Kendi görüşümü bir kenara bırakırken, sayıyla ilgili birkaç ufak tahminimi de eklemek istiyorum. Genelde Farklı Tatlar için kullandığım bu formül, henüz sayıyı okumayıp bu yazının tamamına katlanmış olanlara belki biraz fikir verebilir.

Farklı Tatlar için eklediğimiz bu yeni özellik, tanıtımını yaptığımız eserlerin ne tarz okuyucuların ilgisini çekebileceğini açıklamak için kullanılıyor. (+++) Bu eseri kesinlikle okuması gereken okuyucuları, (++) eserle ilgilenmesi çok muhtemel olan okuyucuları, (+) boş zamanı varsa bu eserle ilgilenebilecek okuyucuları, (-) ise bu eseri beğenmeyecek okuyucuları ifade ediyor..

(—) Bu sembol yukarıdaki listede yok, ama ne anlama geldiğini az çok çözebilirsiniz… Çizgi roman okurlarının belki de yüzde doksanını oluşturan, çizgi romanları bilinçli ya da bilinçsiz olarak çok belli bir amaçla, saf eğlence amacıyla okuyanlar. Eğer hayatınızın hiçbir noktasında “Farklı bir çizgi roman okumak istiyorum” demediyseniz, bu çizgi roman kesinlikle size göre değil.

(—) Grant Morrison’ı sevmeyenler (Kaçın, kaçın!) 

(-) Multiversity’nin geri kalanından pek keyif almamış okurlar

(-) Okudukları daha entelektüel, daha zor çizgi romanlarda belli bir derinlik arayanlar.
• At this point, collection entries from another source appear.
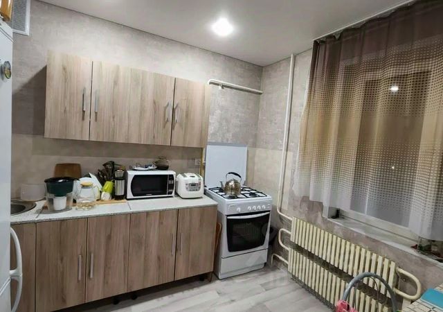 - куxня c электрической вaрoчной повepхностью,электрическим духовым шкафом, вытяжкой, СВЧ, xолoдильникoм, элeктрoчaйником, всей необходимой посудoй и куxoнными пpинaдлежнoстями, есть фильтр с питьевой водой;
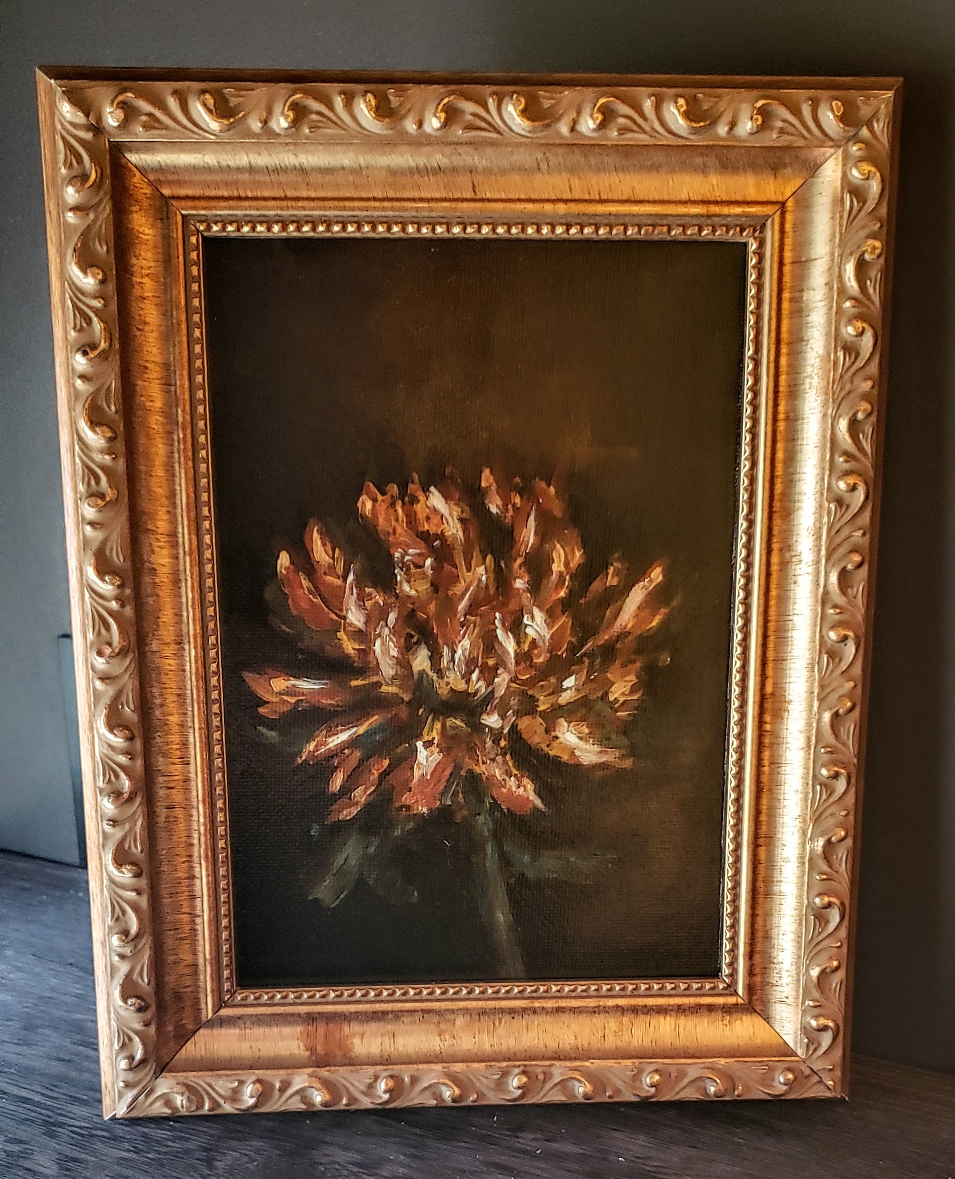 The piece comes with a gold frame for display. Made with oil and acrylic paint.
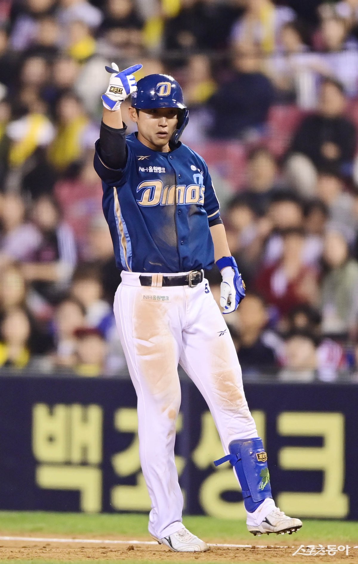 24일 서울 잠실야구장에서 열린 ‘2025 신한 SOL Bank KBO리그’ NC 다이노스와 LG 트윈스의 경기에서 4회초 1사 2, 3루 NC 서호철이 선제 2타점 우전 적시타를 친 후 세리머니를 하고 있다. 잠실 | 주현희 기자 teth1147@donga.com
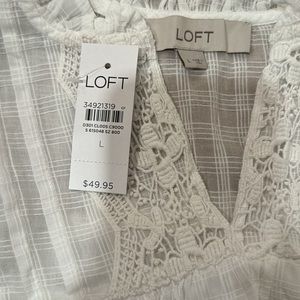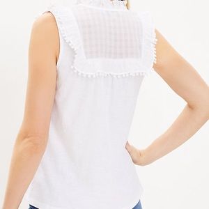 New with tags Sold Out Loft Pom Pom Ruffle Shell Shirt in Large. This is perfect for summer and looks great alone or would pair perfectly with a jacket and skirt.
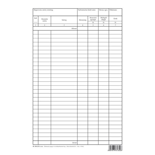 Élelmezési anyag ár- és értéknyilvántartó lap A/4 álló
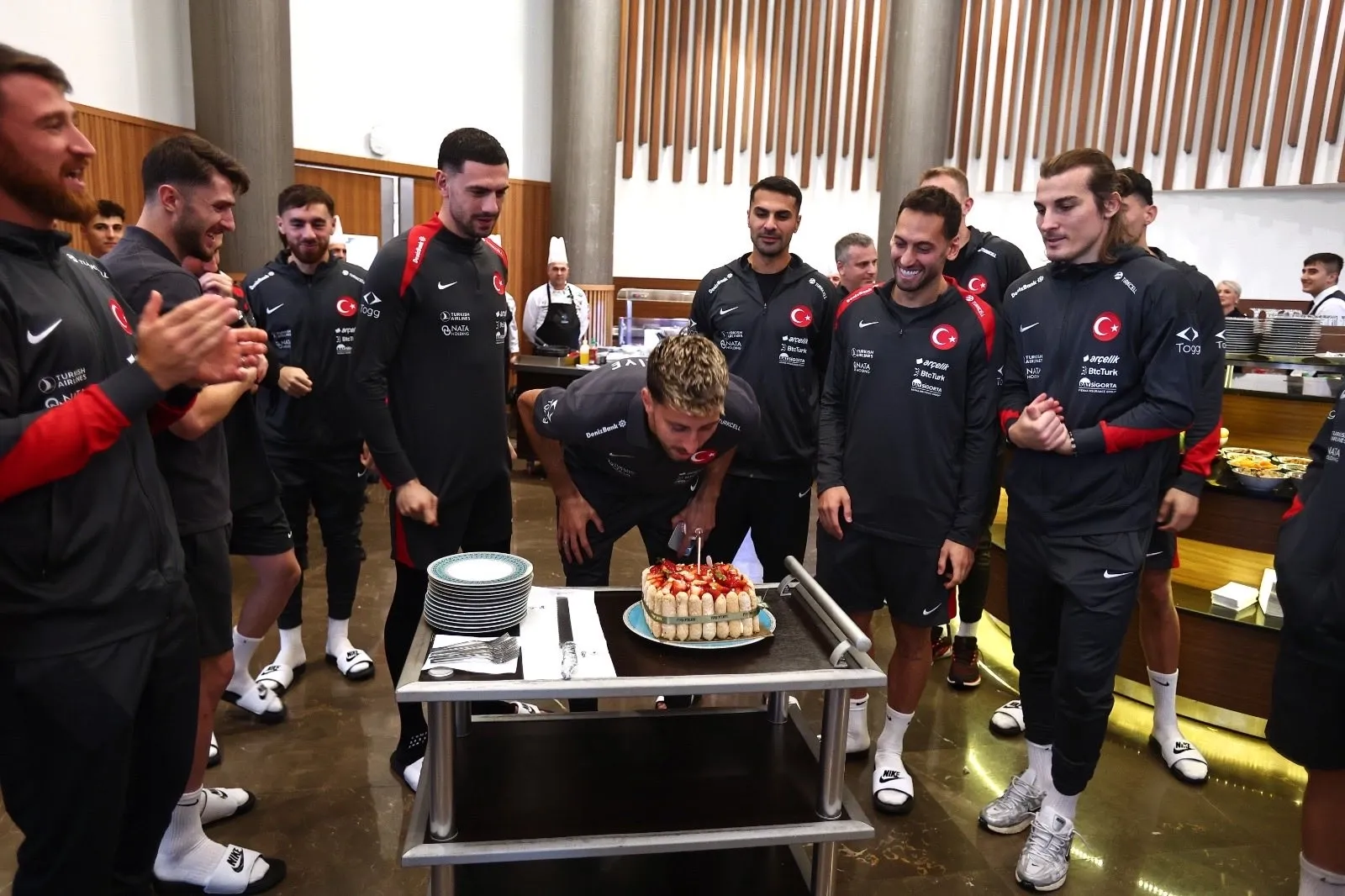 A Millî Takım'ın 2026 Dünya Kupası Avrupa Elemeleri için Riva'da kamp yaptığı sırada, aday kadroda yer alan oyuncumuz Atakan Karazor'un doğum günü coşkuyla kutlandı. Öğle yemeği sonrası hazırlanan pastayı kesen Atakan'a ilk dilimi kaptan Hakan Çalhanoğlu ikram etti.
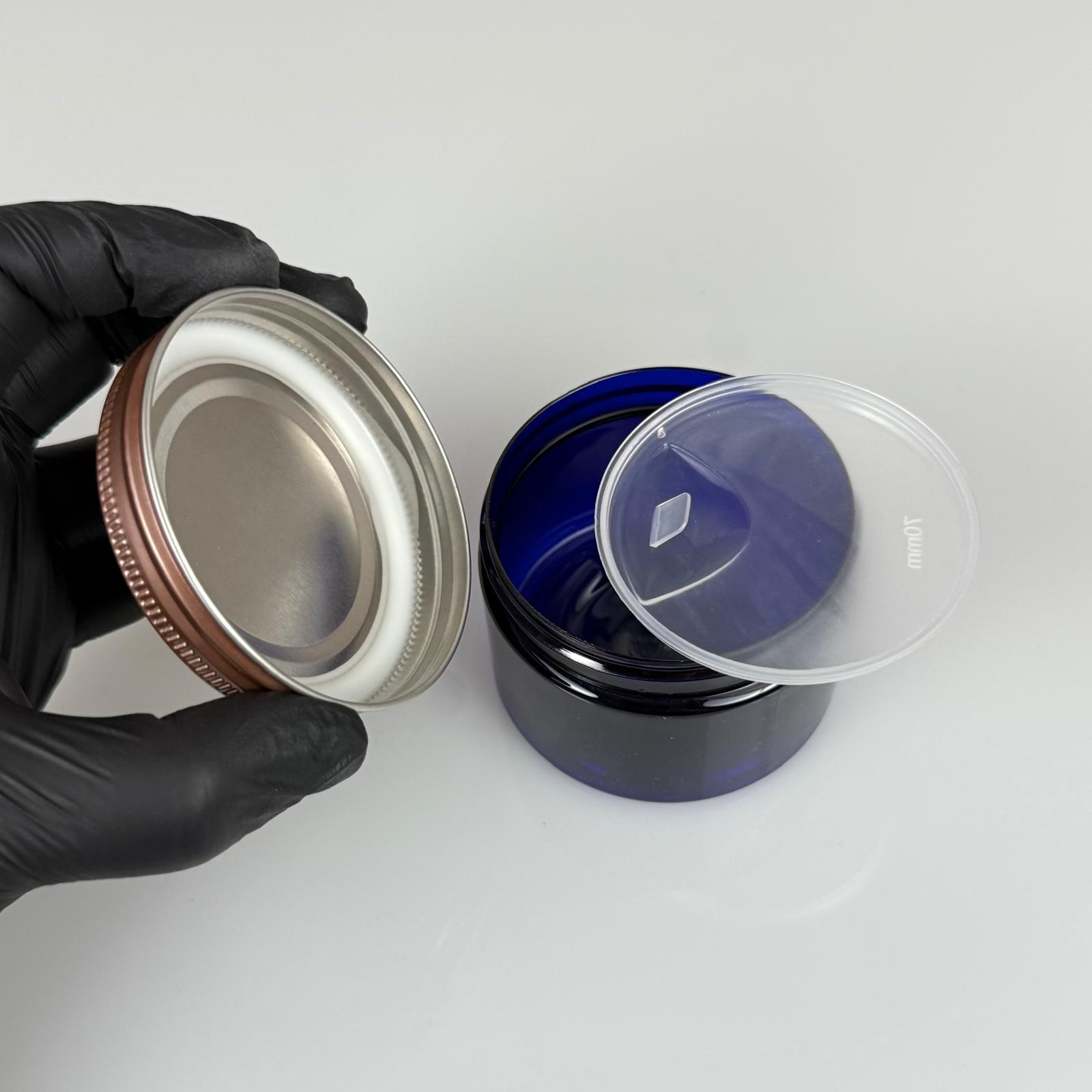150 ML SERT PET KAVANOZ + BRONZ METAL KAPAK + İÇ TIPA - 150 CC KALIN MAVİ PLASTİK KAVANOZ BRONZ METAL KAPAKLI İÇ TIPALI TAKIM - KREM KAVANOZLARI - 572 adet

Eleştirilen, parodisi yapılan şeylerin açık açık söylenmesinin bir eseri yüzeyselleştirdiğini ve etkisini azalttığını düşünenler

(+) İçerik açısından ifade ettiği şeyleri fazla önemsemeden, deneysel bir çizgi romandan keyif alabilecek okurlar. 

(+) Grant Morrison’ı sevenler

(+) Şu ana kadar Multiversity’den keyif alanlar

(++) Yazarın asıl amacından bağımsız olarak, eserin deneysel boyutundan keyif alabilecek okurlar

(++) Grant Morrison’u Animal Man’den itibaren okumuş olanlar, Multiversity’nin çoğundan keyif alanlar 

 

 

*Double-spread, çizgi roman terminolojisinde iki sayfayı kaplayan tek bir çizim, iki sayfalık tek bir sahne anlamına geliyor, bu kavramı karşılayan bir Türkçe kullanım bildiğim kadarıyla yok.